Despite what seems like clear answers to these questions, corporations have been gaining negative speech rights in recent years. In 1996, in a landmark U.S. Court of Appeals case International Dairy Foods Association v. Jeffrey Amestoy, the state of Vermont was stopped from requiring dairy food producers to label if their products contained manmade bovine growth hormones. The court sided with industry, which cited a U.S. Food and Drug Association determination that these manmade hormones are safe. One would think that the industry wouldn’t object to consumers knowing that fact—if it were not controversial.

Vermont is back at it, but this time with GMOs—genetically modified organisms. Its legislature just passed a GMO labeling requirement. On Thursday, June 12, the Grocery Manufacturers Association and other industry groups sued Vermont for violating its First Amendment commercial speech rights. 

Against this legal backdrop, businesses that want to stand out for not using pesticides, GMOs or conflict minerals are forced to do the labeling themselves.
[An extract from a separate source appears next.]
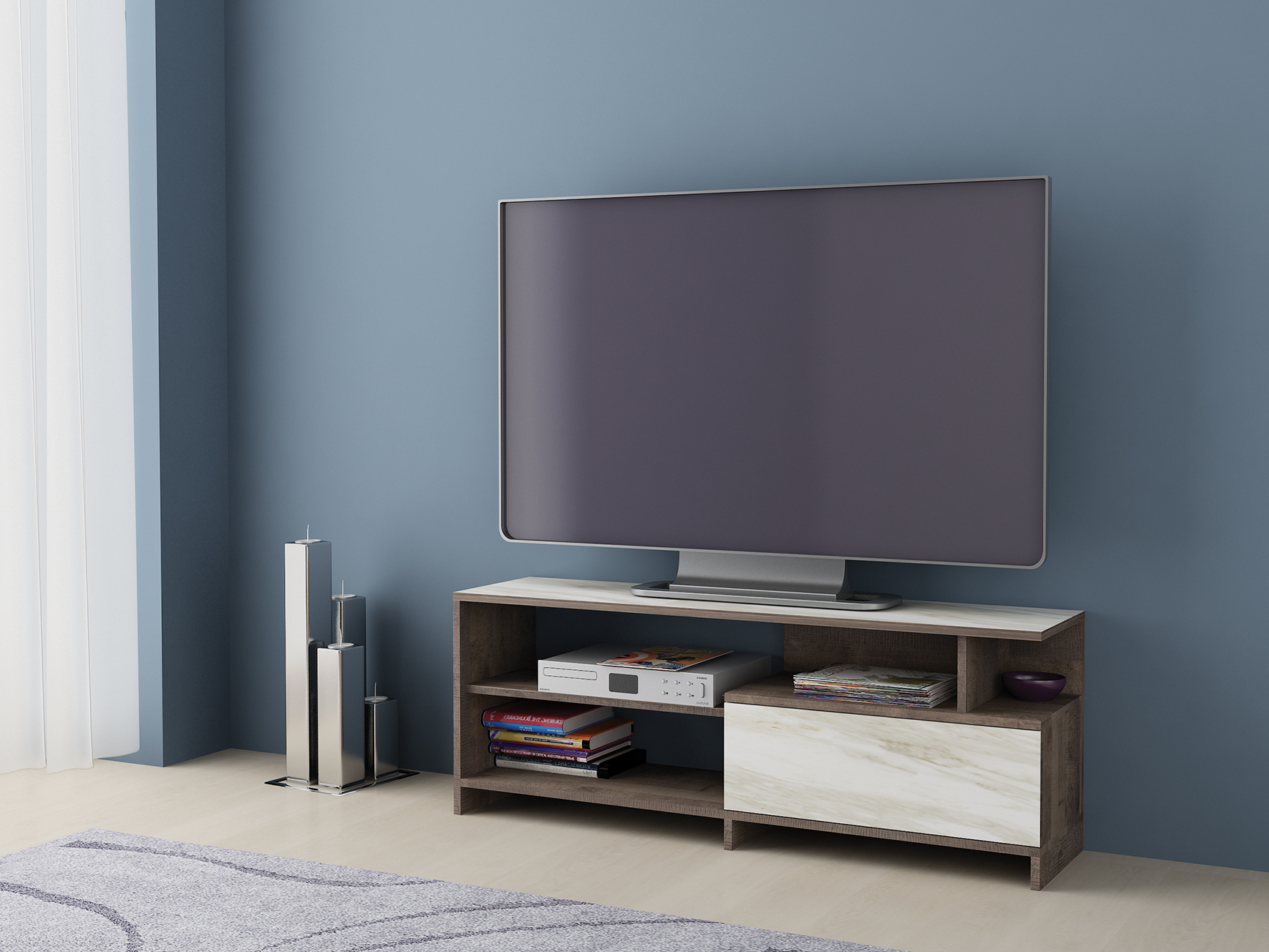 Comoda TV Alfa 70 este un modul elegant și funcțional, iar designul său echilibrat include un spațiu central dedicat televizorului, având încadrat armonios câteva rafturi, care sunt ideale pentru organizarea accesoriilor mici. În partea inferioară, un dulap închis oferă un loc discret pentru depozitarea obiectelor mai mari și mai puțin utilizate.

But labeling the absence, rather than the presence, of these ingredients comes at a price. Consider organic farming, because getting certified costs money—more than just using the pesticides embraced by agribusiness.
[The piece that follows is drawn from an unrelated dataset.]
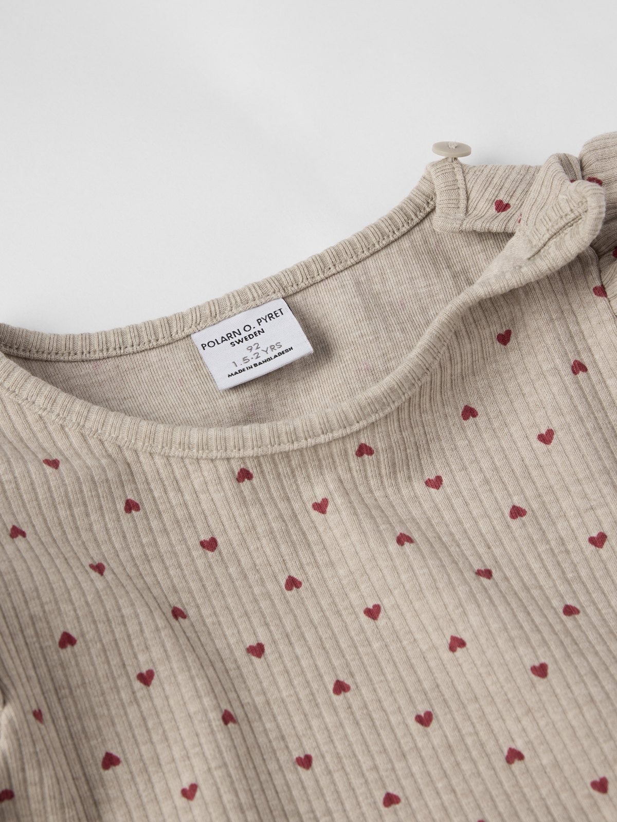 Størrelsene 86–92 har trykknapper på den ene skulderen for enklere klesskift.
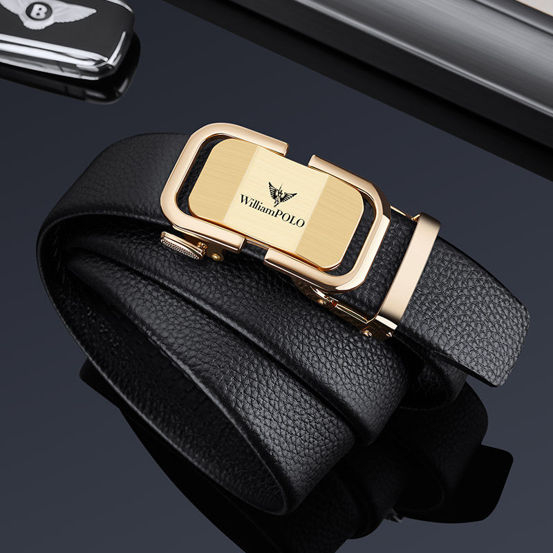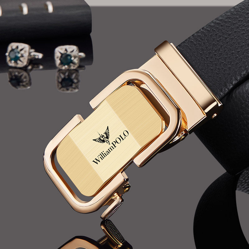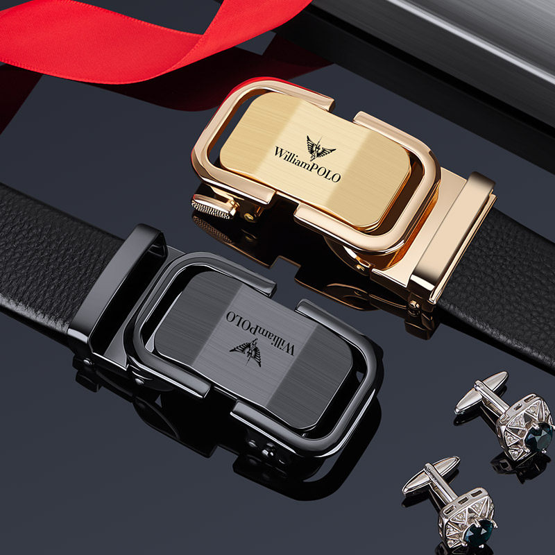 保罗皮带男士真皮头层牛皮自动扣腰带正品新款高档年轻人商务裤带

“In terms of effort and cost, it’s much easier to buy and spray chemicals than it is to grow organic,” said Clayton Burrows, the co-2012 Washington Tilth Farmer of the Year. He said he has to complete paperwork for dozens of organic crop permits, costing thousands of dollars. “How many permits do you need to buy and spray chemicals?” he asked, “The answer is zero….It’s much easier to spray chemicals than it is not to. It’s ironic that the person that takes care of the land is punished.” 

In states with ballot initiatives, such as California and Washington, there have been recent measures to require GMO labeling. Those initially drew big public support but then lost on Election Day after Big Ag, the food industry and farm groups spent millions to create a climate of fear and threaten higher prices.
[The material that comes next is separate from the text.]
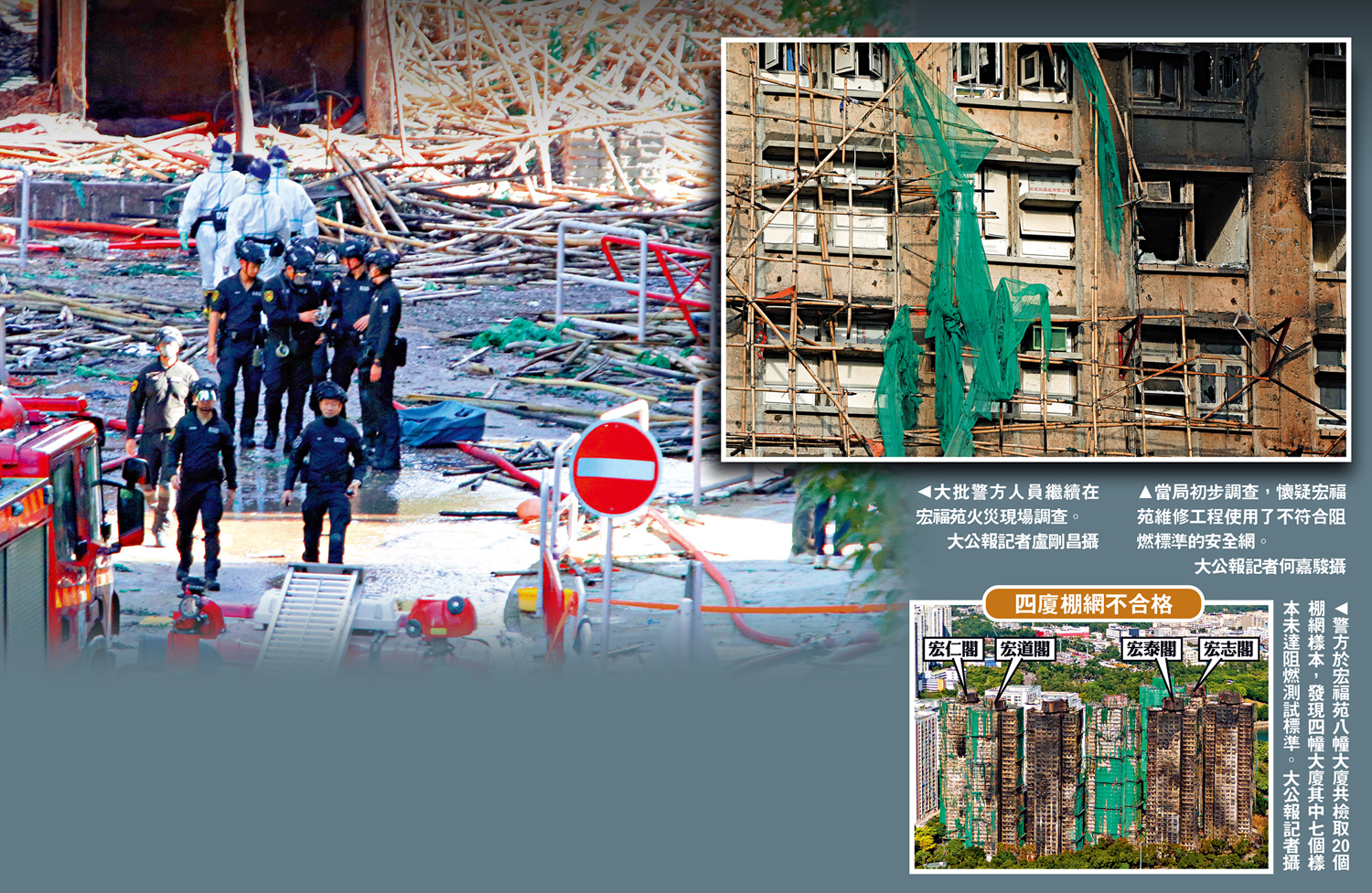 警方取得20個安全網樣本中,宏泰、宏道、宏仁和宏志四幢大廈共七個樣本的檢測結果,未達到應有的阻燃標準,可能與火災快速蔓延有關。20個安全網樣本來自宏福苑全部八座樓宇的高、中、低層各處,其中有平時打開窗就能剪取樣本的地方,也有一些平時很難取得樣本的,甚至需要消防員爬出去才能夠取得樣本的地方。

But there are other strategies that seek to limit corporations from asserting their rights to keep the public in the dark. In Colorado for example, statewide Initiative 75 is now gathering signatures to get on the fall ballot. Drafted by the Community Environmental Legal Defense Fund, it would shield local governments against corporate lawsuits. If passed, local laws—such as community bills of rights—could not be stuck down for violating a corporation’s legal “rights.” 

In Oregon, starting a few years ago, organic farmers began organizing county ballot measure campaigns to ban GMO seeds. That was a deliberate non-First Amendment strategy. In response, the governor convened a special session of the legislature last fall and banned those kinds of local initiatives, saying this had to be addressed by statewide laws. But they did that after Jackson County’s ballot measure was in motion, so they could not stop a vote on it. This May, it banned GMO seeds. And other Oregon counties are moving forward with GMO bans that take on corporate “rights,” in defiance to the state’s preemption. There's no doubt the biotech industry, Big Ag and others will challenge the efforts in court. 

It may be that outside-the-box efforts like these, focused on changing more than commercial speech law, are what is needed to protect an array of public interests—from labeling what’s in our food and consumer products to what a corporation cannot do when a community decides otherwise.